> PROBLEM DESCRIPTION
The material below includes pictures; leave them out and return only the lines between the line containing "ブリキ板と薄いベニアと野縁と" and the line containing "El kit de cámaras", inclusive, word for word.
##########
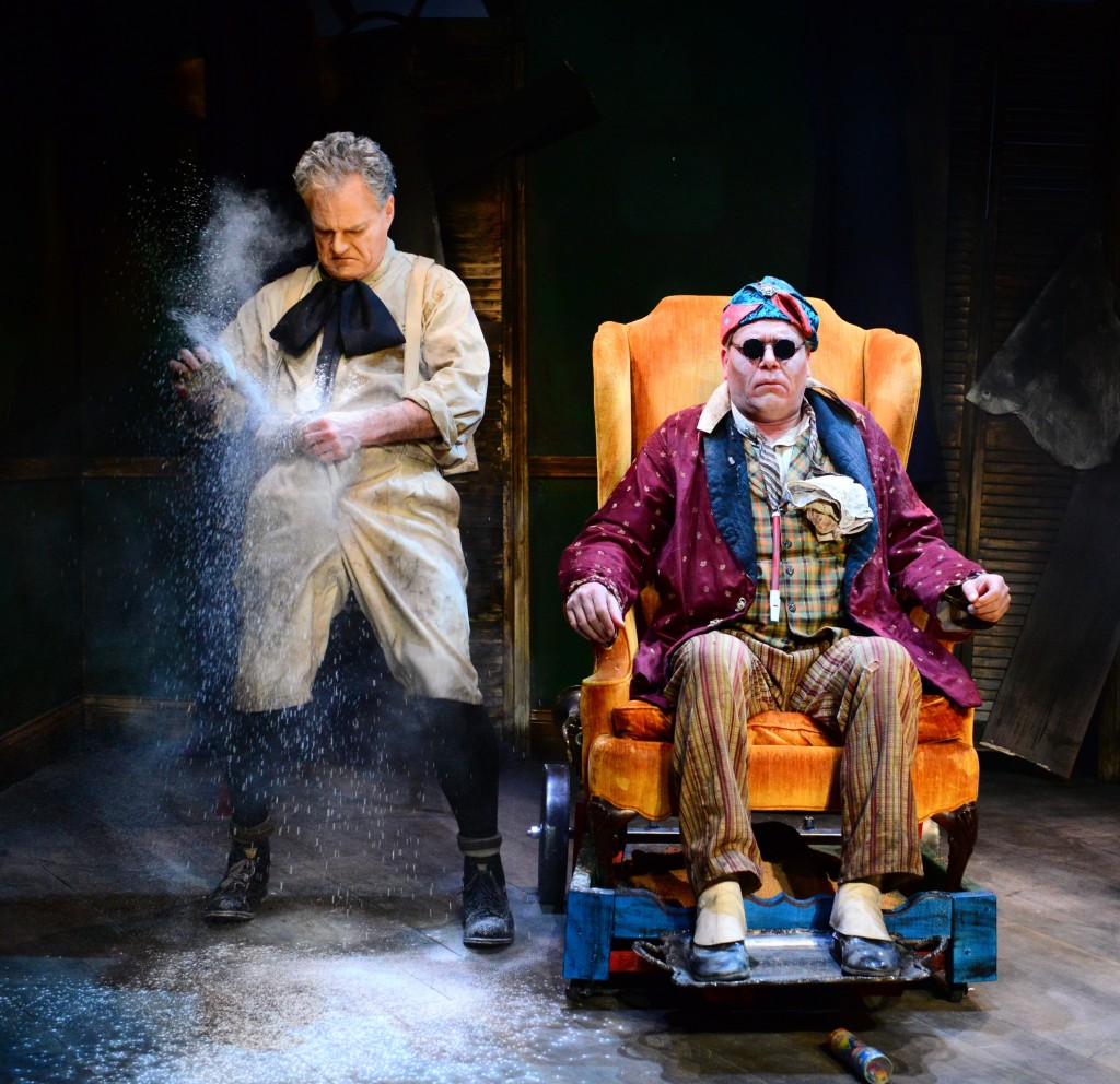 Hamm chided the man, asking him why he had left his son, and how he knew the child wasn’t dead rather than sleeping. Hamm and Clov aren’t exactly haunted—they control when they will appear—by what aren’t exactly the ghosts of Hamm’s mother Nell (Donna McGough) and father Nag (Sean Sinitski)—their costumes (Jessica Kuehnau) them look a lot more like corpses than shades, and they participate in some very corporal activities such as eating and sleeping. Nag accuses Hamm of waking him up as a child to complain about his fear and nightmares when it wasn’t really necessary (There are some strong suggestions that this may be a nightmare or psychotic delusion happening in Hamm’s head). Nags indictment, a rather strange and self-incriminating one, may point to the relationship between Hamm and Clov (Even though Hamm says he became like a father to Clov, Clov is the one now taking care of Hamm, and conversely, Hamm is giving Clov instructions about when to “bottle,” “feed,” and “wake” his father, Nag).
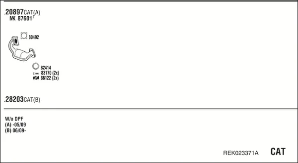 Druh katalyzátoru | pro vozidla bez filtru pevných částic |
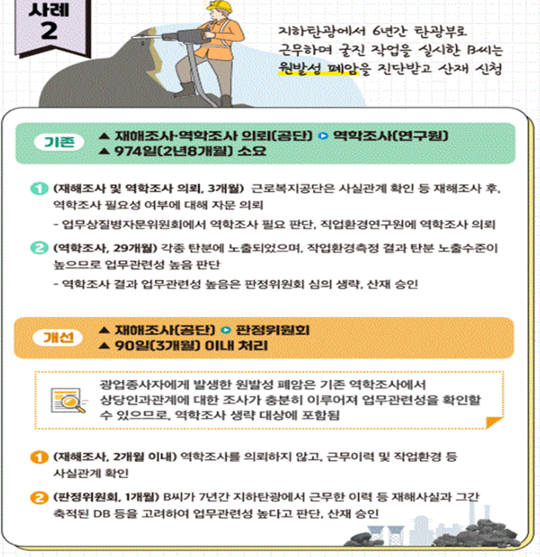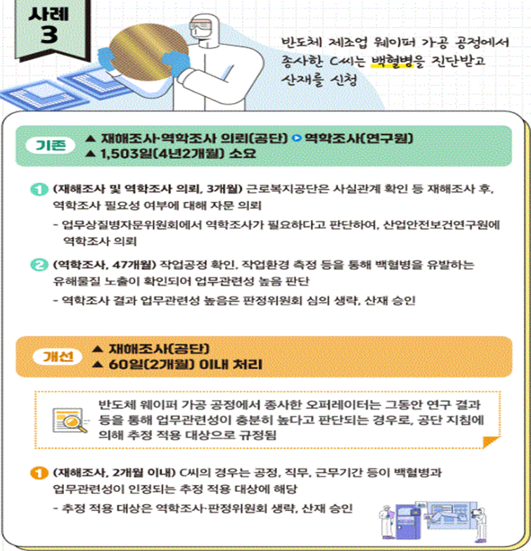 노동부는 이런 병목을 줄이기 위해 직종·질병별로 이미 인과관계가 충분히 입증된 경우에는 특별진찰이나 역학조사 없이 근로복지공단의 재해조사와 판정위원회 심의만 거치도록 개선한다.
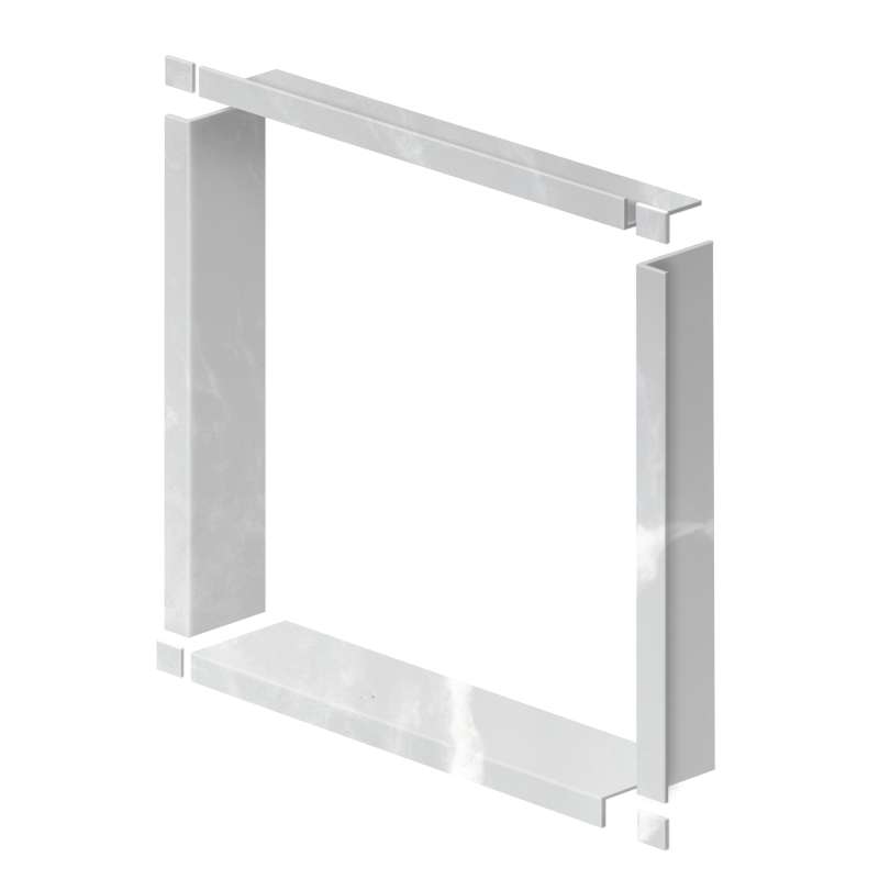 - Solid surface material: four square corner blocks, one horizontal sill panel, two vertical and one horizontal jamb panel
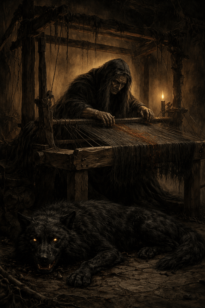 “You are free to go now,” said the hag, her voice softer than before, as if the weaving had drained what remained of her strength.
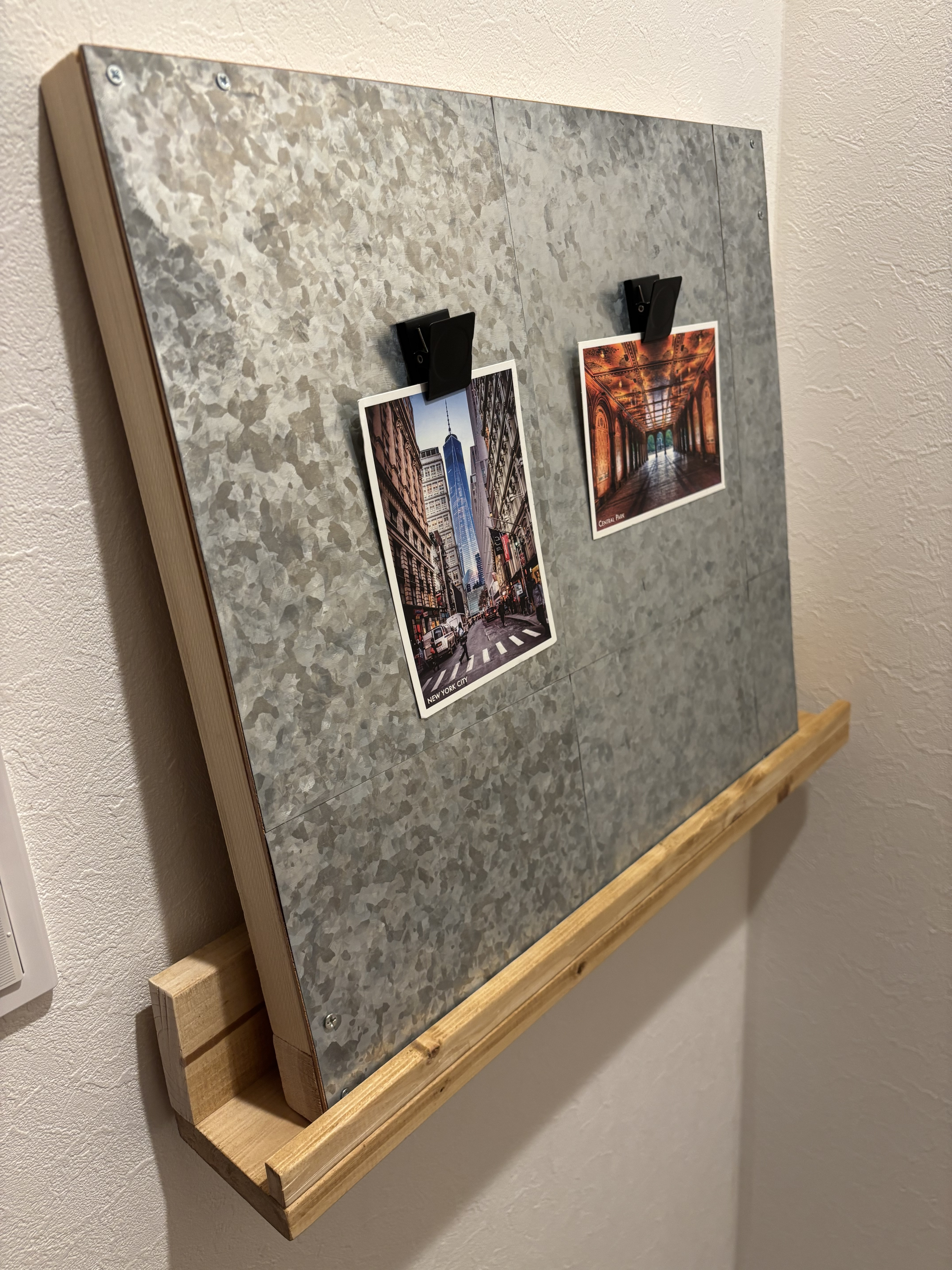 ブリキ板と薄いベニアと野縁という木材を使って作ってみました。マグネットで手紙など色々はれるし、なんか見た目もカッコ良い(^^)
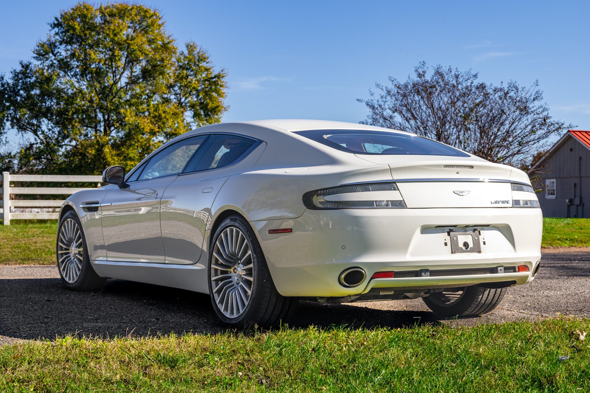 The 20″ multi-spoke alloy wheels show curb marks and are mounted with Pirelli Cinturato P7 tires. Stopping power is provided by Aston Martin-branded calipers over disc brakes at each corner, and the rotors and pads were replaced in October 2024. A three-stage Adaptive Damping System (ADS) with three selectable drive modes was equipped as standard.
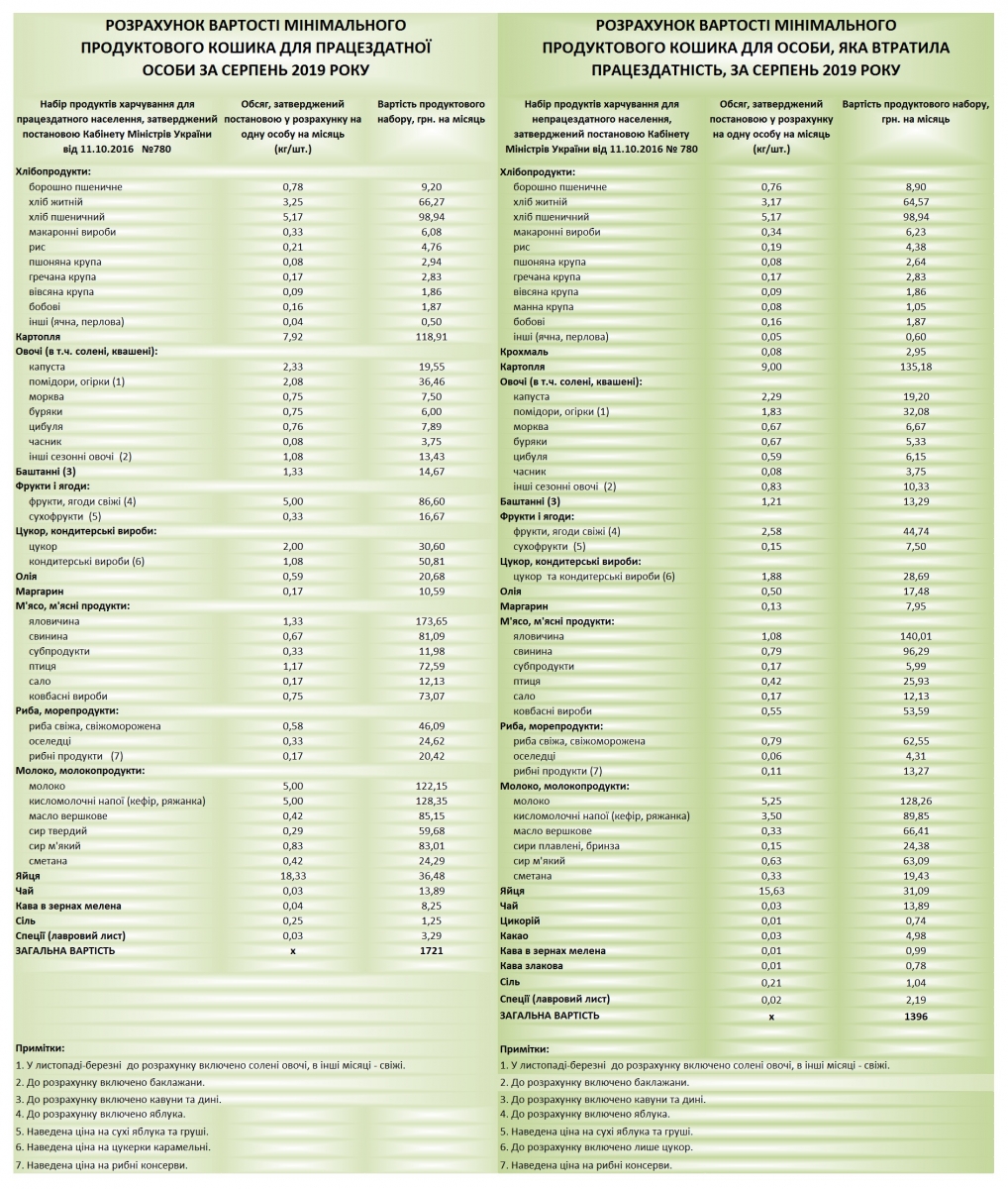 У серпні 2019 року розрахункова середньомісячна вартість мінімального продуктового кошика (МПК) становила: для працездатної особи – 1 721 грн (86% від рівня прожиткового мінімуму для цієї категорії населення); для особи, яка втратила працездатність – 1 396 грн (89% від рівня прожиткового мінімуму для цієї категорії населення). Такі данні оприлюднив Економічний дискусійний клуб на своєму сайті.
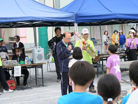 団体競技の中で綱引きは東蒔田第一町内会、町内対抗リレーは共進町一丁目町内会が優勝し、茅野連合町内会長よりトロフィーと賞状により表彰されました。
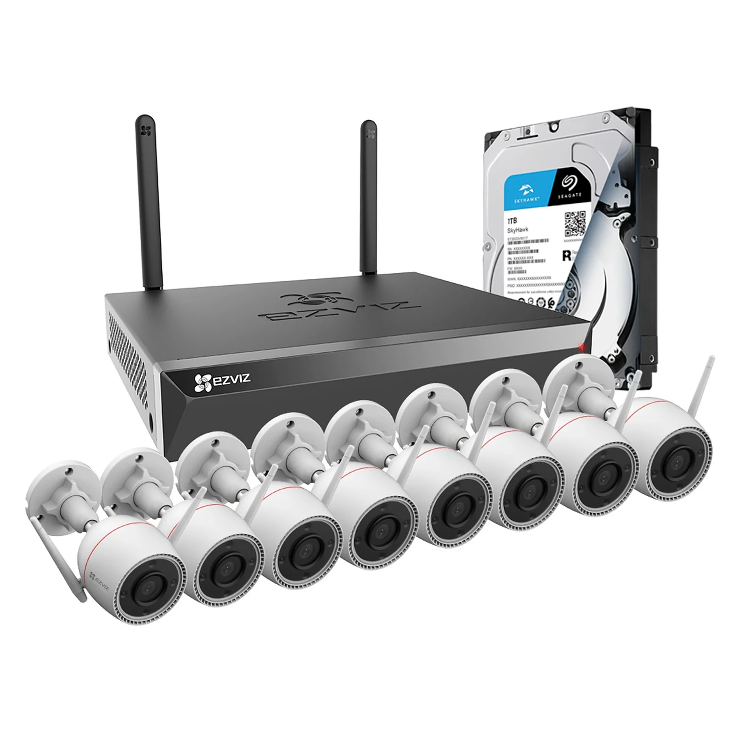 El kit de cámaras de seguridad inalámbricas Ezviz, modelo KITCAM15, ofrece una solución integral para la vigilancia y protección de espacios residenciales o comerciales. Este sistema incluye un NVR (grabador de video en red) de 8 canales, el modelo X5S, y ocho cámaras bullet C3TN con resolución HD de 3MP, además de un disco duro de 1TB para almacenamiento de grabaciones. Diseñado para proporcionar un rendimiento confiable y una fácil instalación, este kit es ideal para instaladores que buscan una solución robusta y efectiva para sus clientes.
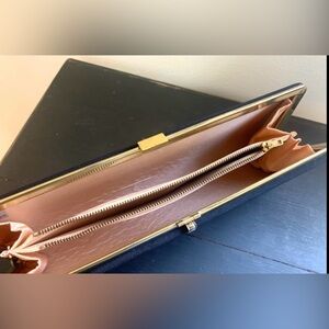 Sleek and sophisticated black clutch perfect for any occasion. Features a minimalist design with a secure closure.
##########
> WRITTEN RESPONSE
 ブリキ板と薄いベニアと野縁という木材を使って作ってみました。マグネットで手紙など色々はれるし、なんか見た目もカッコ良い(^^)
 The 20″ multi-spoke alloy wheels show curb marks and are mounted with Pirelli Cinturato P7 tires. Stopping power is provided by Aston Martin-branded calipers over disc brakes at each corner, and the rotors and pads were replaced in October 2024. A three-stage Adaptive Damping System (ADS) with three selectable drive modes was equipped as standard.
 У серпні 2019 року розрахункова середньомісячна вартість мінімального продуктового кошика (МПК) становила: для працездатної особи – 1 721 грн (86% від рівня прожиткового мінімуму для цієї категорії населення); для особи, яка втратила працездатність – 1 396 грн (89% від рівня прожиткового мінімуму для цієї категорії населення). Такі данні оприлюднив Економічний дискусійний клуб на своєму сайті.
 団体競技の中で綱引きは東蒔田第一町内会、町内対抗リレーは共進町一丁目町内会が優勝し、茅野連合町内会長よりトロフィーと賞状により表彰されました。
 El kit de cámaras de seguridad inalámbricas Ezviz, modelo KITCAM15, ofrece una solución integral para la vigilancia y protección de espacios residenciales o comerciales. Este sistema incluye un NVR (grabador de video en red) de 8 canales, el modelo X5S, y ocho cámaras bullet C3TN con resolución HD de 3MP, además de un disco duro de 1TB para almacenamiento de grabaciones. Diseñado para proporcionar un rendimiento confiable y una fácil instalación, este kit es ideal para instaladores que buscan una solución robusta y efectiva para sus clientes.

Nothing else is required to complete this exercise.